So Luis mentioned English learning, that is a priority. We're going to focus on that. We're going to focus on math and music. We're going to focus on our core subscription business as well.
And so that's why we think that the prudent thing to do to attack this huge opportunity we have is to continue to invest such that, that incremental margin stays closer to 35% than 60%, and that's what we're guiding to and that's where I think we'll see the rest of the year.
Next question comes from Chris at UBS. .
Maybe just going back to the Max tier. Are there any markets that as of right now, as we just kind of think about the cost of Gen AI, where it's just simply too restricted to be rolling out rolling out the Max tier. And can you maybe kind of give us a sense for what that scale is?
Yes. there are markets where we do not plan to roll it out given the current cost. These are usually very low monetizing markets. It's markets like India, where we have a lot of users but not a lot of payers.
Generally, we expect that in the markets that monetize pretty well, call it, Western Europe, the English-speaking world, Japan, Korea, that will be able to roll out Max because it's fine.
Now that said, we expect that the cost of generative AI, the cost of large language models will go down. So over time, we'll probably be able to roll out everywhere. That's my hope. But for now, our intent is for the rest of the year, you'll probably see us in kind of higher GDP countries.
Okay. That's very helpful. And just kind of curious about how you guys are thinking about that LTV to CAC for Max. I think you touched on it a little bit earlier, but just as we think about it across the various plans, how does that kind of compare the core super subscription family plan versus Max?
And then just a quick follow-up on another question. Matt, you had mentioned kind of thinking about 60% DAU growth going forward. Is that also the right framework to kind of be thinking about 2Q?
Yes. Yes. So on the LTV side, we primarily -- because most of our acquisition comes from organic word of mouth, we mainly focus on the LTV side of that equation. And so, it's basically right now that the Family Plan has a higher LTV than the Super Plan because it has a higher price and higher retention.
Max right now could have a higher depending on a bunch of variables that go into it, but mainly what price we end up settling at and what feature set goes in there.
So that will remain to be seen. Right now, if I had to paper on it, the LTV of Max is higher or expected to be higher over the medium term as we both refine the pricing and then the cost of the Gen AI features come down.
So but we'll have to see. We have to experiment with that over time. And then the -- what was the second part of your question? Can you remind me?
Yes. Just on the 2Q DAUs, you hadn't commented about 60%. Is that kind of the right framework for 2Q?
Yes. I think that was Luis' comment around the fact that we accelerated up over 10 quarters. from 40-some-odd percent to about mid-50s. And then from the mid-50s up to the mid-60s, it kind of ticked up, not a ton over the course of several quarters. .
And so right now, we're feeling very good about being in the -- in that range for a while.

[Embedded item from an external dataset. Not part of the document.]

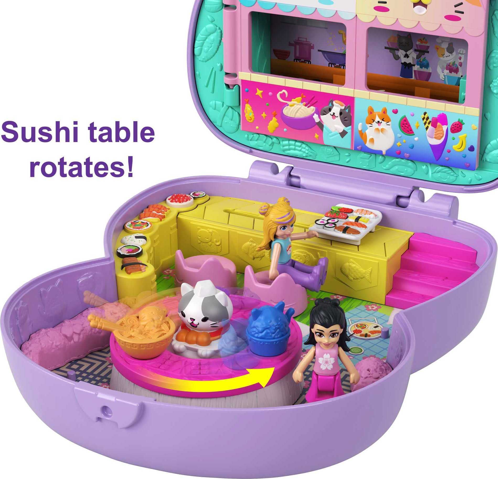 Polly Pocket Sushi Shop - Juego compacto con temática de sushi japonés con 2 micromuñecas y 12 accesorios
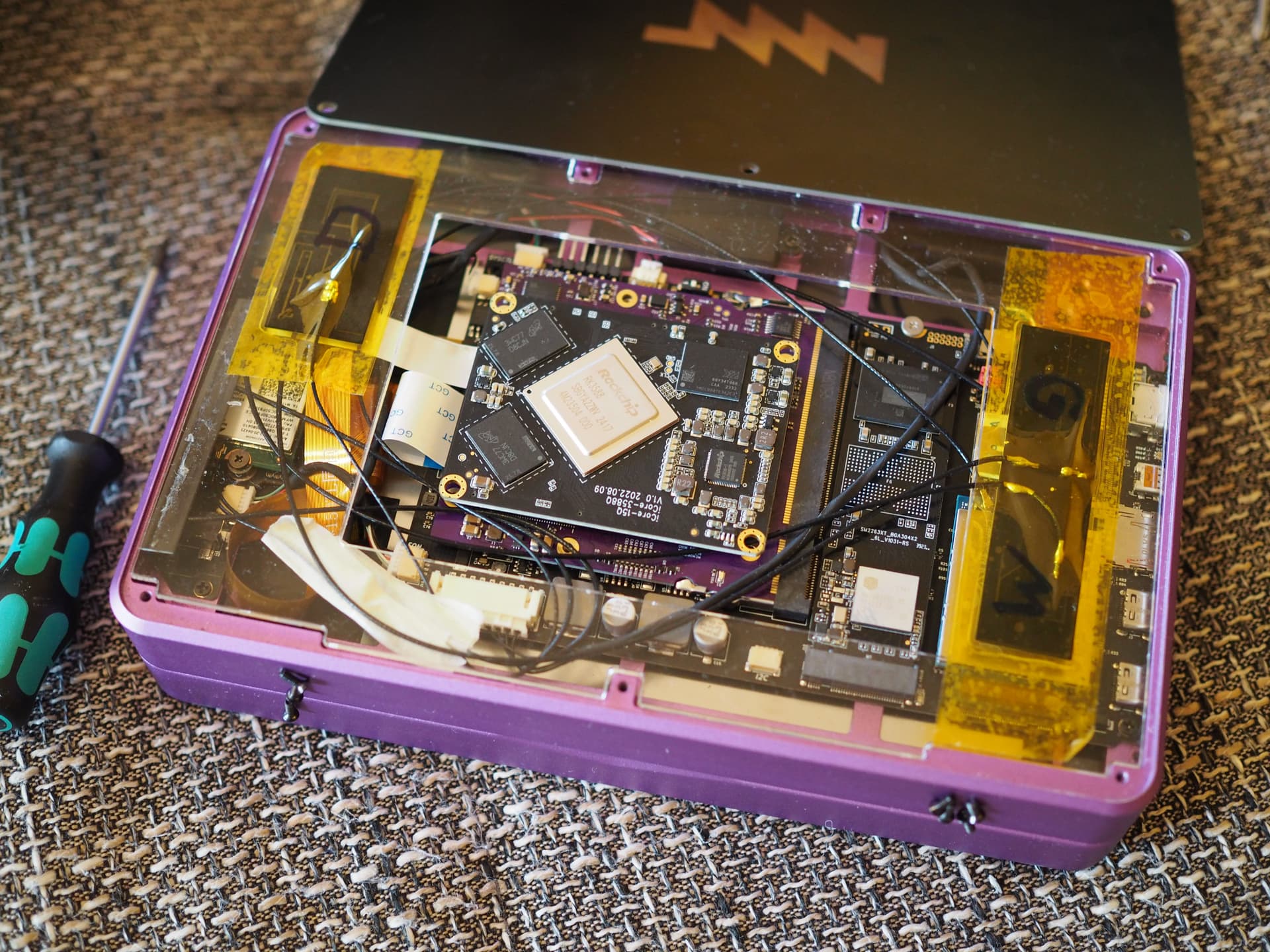 I installed the new headset/switch board 2.0 (the one with the M.2 slot for the wifi+bt) into my pocket and due to the added flat cables and antenna cables it made the mess of cables even worse and harder to manager. I realized that what bugged me most was that the antennas are attached to the display cover so I can never open it up without messing things up and when I close it, I can never be sure whether the cables are where I want them to be because the lid is not see-through like for the classic Reform. So how about not attaching the antennas to the lid at all? Inspired by the small acrylic sheets that MNT offers to attach the antennas to for classic Reform, I created an acrylic shape that fits into the Pocket:

As Luis said, and I'll steal from him, it's hard to say how long a while is, but we feel good for definitely for Q2 and for most of 2024.
Next question comes from Alex Sklar of Raymond James. .

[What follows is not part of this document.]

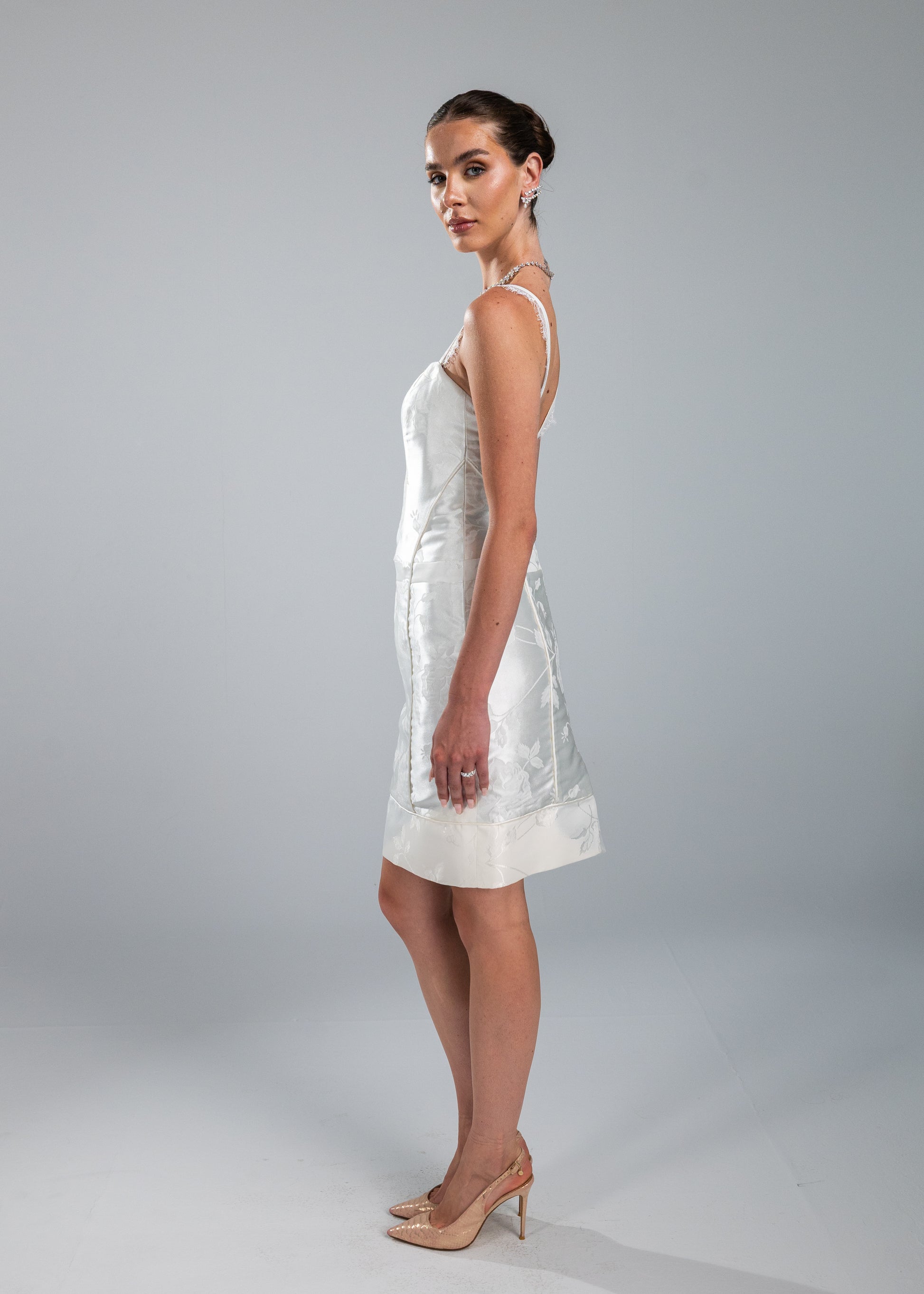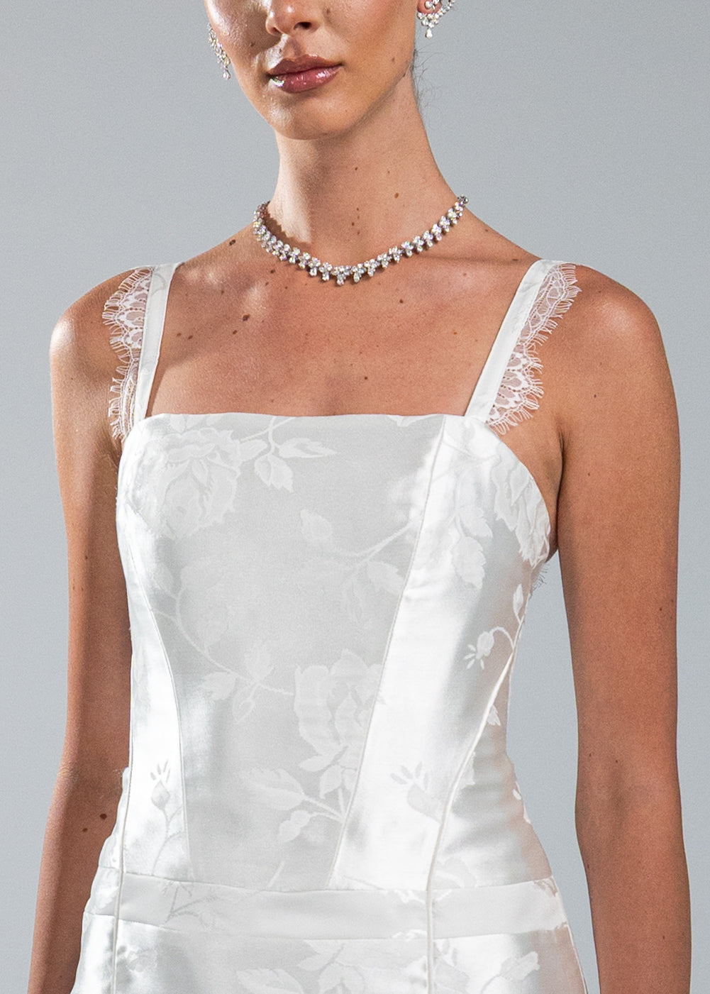 Lucera is made from luminous jacquard satin, woven in floral motif that subtly catches the light with every movement.

Great. Maybe just sticking on that LTV topic that you just kind of hit on. But on LTVs and retention, broadly, after maybe Family Plans, which seems like that's been the most successful newer development to date. What are some of the biggest tests you're still looking at to kind of further move the needle in LTV and retention metrics?
Probably in terms of tests continuing improvements of Family Plan. And in a Family Plan, it was very good, but it was just -- it's kind of a bare bones feature. So we expect that, that will have -- there will be a higher shift to Family Plan, which should increase LTV.

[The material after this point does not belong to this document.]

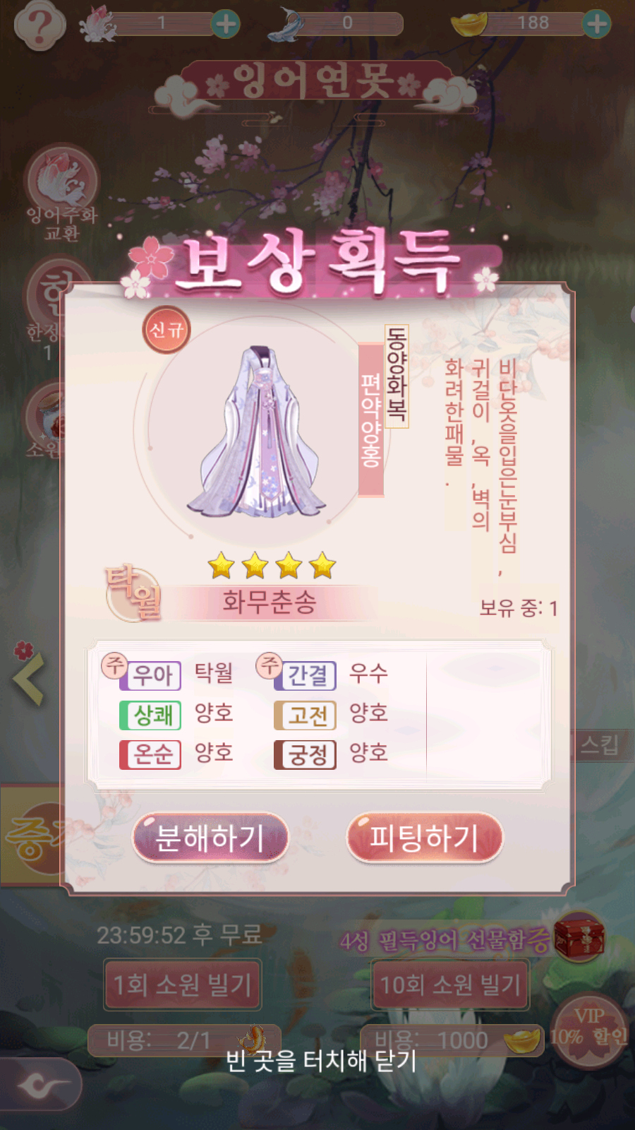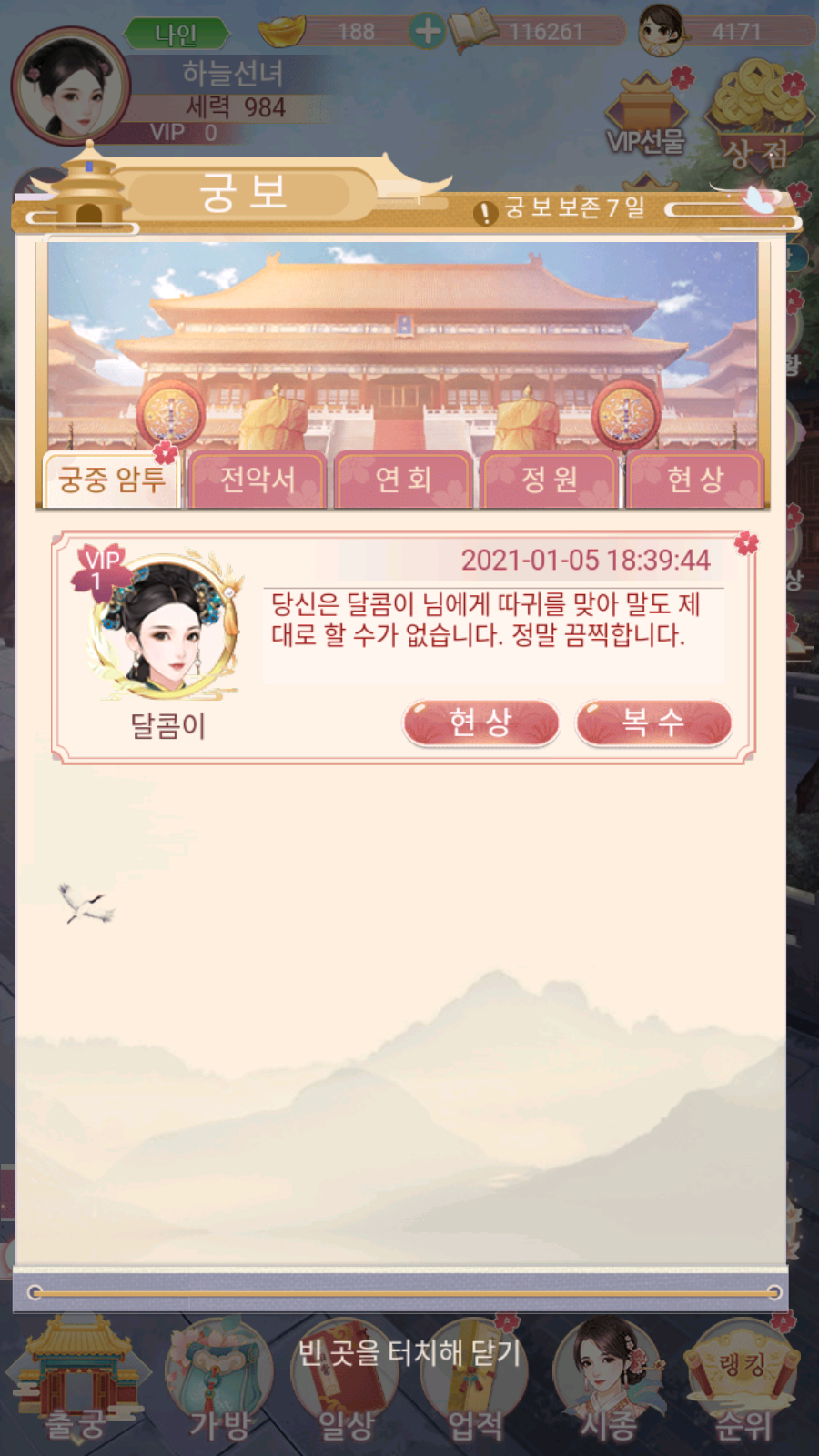 치토스 달을품은꽃 해보신분 ㅋㅋ 작성일시 : 2021. 01. 06 (16:15) 조회 : 1,458 / 댓글 : 0 최근에 궁중로맨스겜 달을품은꽃이라고 신규겜 나왔길래해봤는데 약간 SLG 장르가 가미 된 거 같기도하고 ㅋㅋㅋㅋㅋㅋ 잠깐 종료했다가 접속했더니 다른 유저로부터 궁중 암투를 당한 ; 따귀를 맞아 얼얼해서 당분간 말을 못한다네요ㅋㅋㅋㅋㅋㅋ 가챠 시스템도 잉어 연못에다가 동전 같은거 던져서하고약간 게임이 참신하면서도 재밌네요.간단하게 스토리도 보면서 즐기기 좋은 듯 1추천 글쓰기스크랩 신고

And then the other big group of tests is Max, like Matt said, our expectation is that Max will end up having higher LTV, but it's hard to say, but we are -- that's what we're working on, and hopefully, that we'll be able to find a set of kind of where each feature goes so that Max is actually a big win in LTV. But it's very hard to guarantee that right now.
Yes. And Alex, I would just emphasize that the LTV of our annual subscription product is very good, and we have plenty of free users to go convert to paid.
So I think there's a big amount of LTV to still go get in our free users as well. So I just don't want to skip over that. The Family Plan is great. Max is going to be great. But the normal course of more users converting more of those to super even produces a ton of LTV. And that's core to our strategy this year in the near term.
Got it. That's super helpful context. And it's a very fair point on the big MAU-based, DAU base still go game.
Matt, maybe this one is for you. You've talked about tracking kind of at-risk paid subscribers in the past. I'm curious if there's been anything from a macro standpoint, just in terms of consumer health that you're picking up in the numbers on the scenes right now?
Yes. We haven't seen anything. We track that metric and a bunch of others to see how our subscriber base is doing, and it looks pretty consistent with 2023. So not to say that, that couldn't develop, but we haven't seen anything so far this year.
Okay. Next up, we've got Ross Sandler from Barclays. .
Awesome. So the DAU was already answered, so I appreciate that 60% comment. But I guess as we go back to converting DAU or MAU TTM to payers, that conversion rate is moving around a bit.
So with -- I guess, what explains the variation we're seeing there between geo language corridor or like product changes that you guys are doing to kind of have that payer ratio fluctuate as it is?
Ross, what metric are you keying in on? Are you looking at subs per MAU? Or what's the metric you're saying moving around?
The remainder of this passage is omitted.